Saturday, September 19, 2015

Whole Brain Teaching: Activating the Parts of the Brain

Now let's take a second and talk about brain science!  The brain is the most complex organ in the human body. Scientists have spent countless hours studying how the brain works.  Not everything is known, but we do have a good idea of the importance of activating multiple parts of the brain when learning. In a book titled Research-Based Strategies to Ignite Student Learning published by ASCD, Willis explains that the more connections a student can make when learning, the more dendrites that are formed. These dendrites act as pathways to information and allow the student to more easily store and access the information in the future. Rather than simply attempting to memorize information, the brain is able to cross reference material and store it in in a meaningful way.
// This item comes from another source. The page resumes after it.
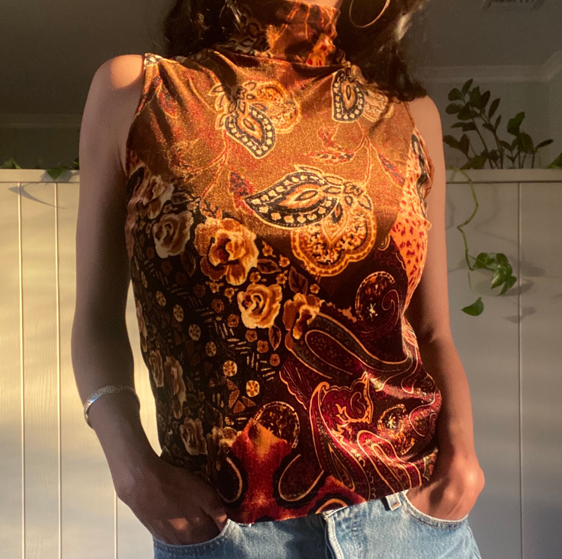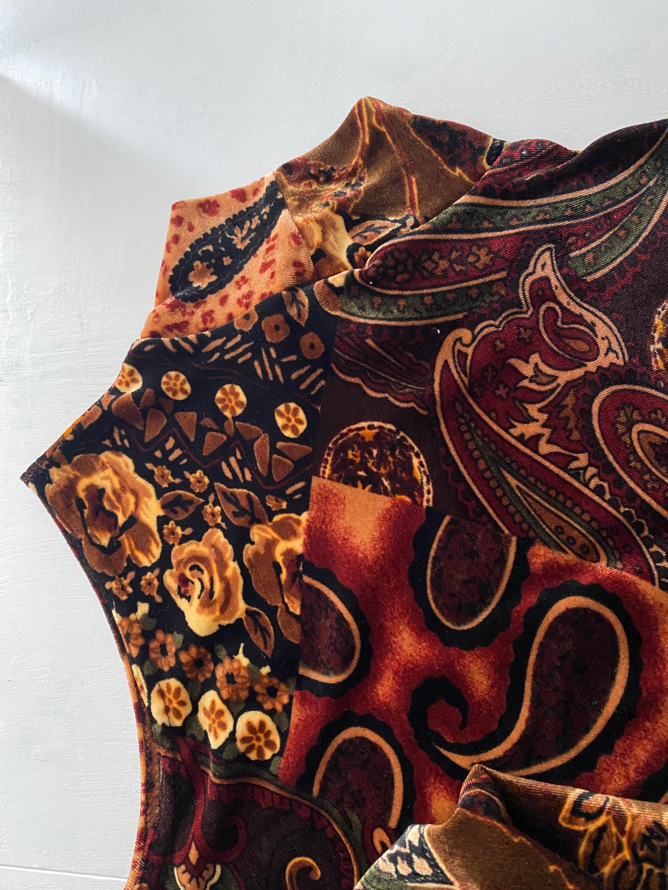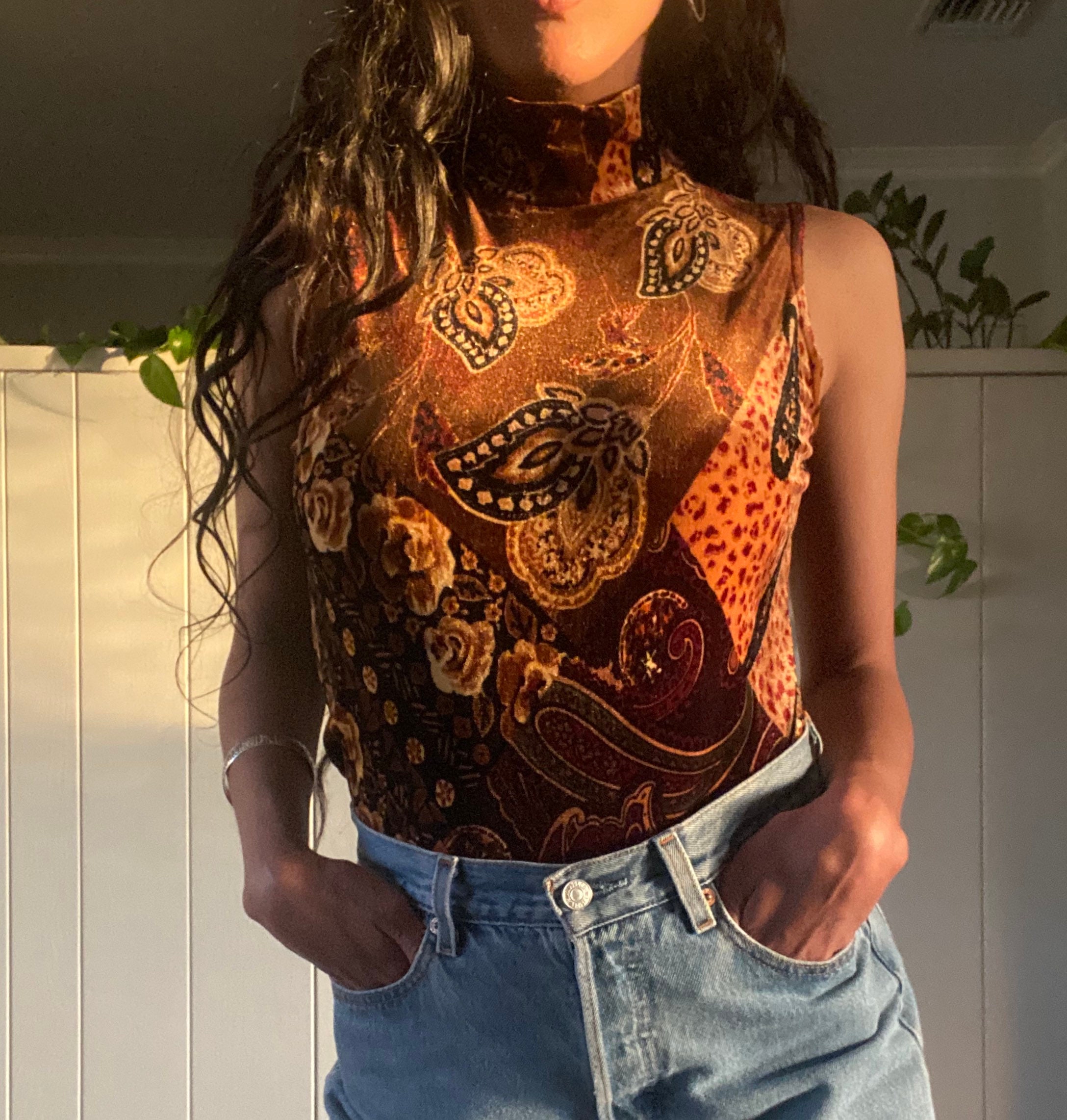 90's vintage bronze brown multicolored velvety turtleneck tank with unique floral design.

The more regions of the brain that are stimulated, the more connections that are made in order for students to pull up learned material.

Parts of the Brain

I introduce neurons and parts of the brain at the beginning of the year.  To introduce neurons, you can use your hand and arm! Your arm signifies the axon.  The palm demonstrates the cell body, and the fingers represent the dendrites! When students are learning new information, new dendrites form and can connect with other dendrites to make meaning of the information.

Introducing the parts of the brain is a highlight for students in my class. Students feel so smart because they have learned something about neuroscience! I have posted a video below to show how you can introduce the parts of the brain. The video is of 1st grade students, but you can do it with any grade level and just adjust to their needs!  After learning the parts of the brain, I have my students create a poster diagram of the brain and then brainstorm in groups how Whole Brain Teaching activates each part!  Good luck, and let me know how it goes for you!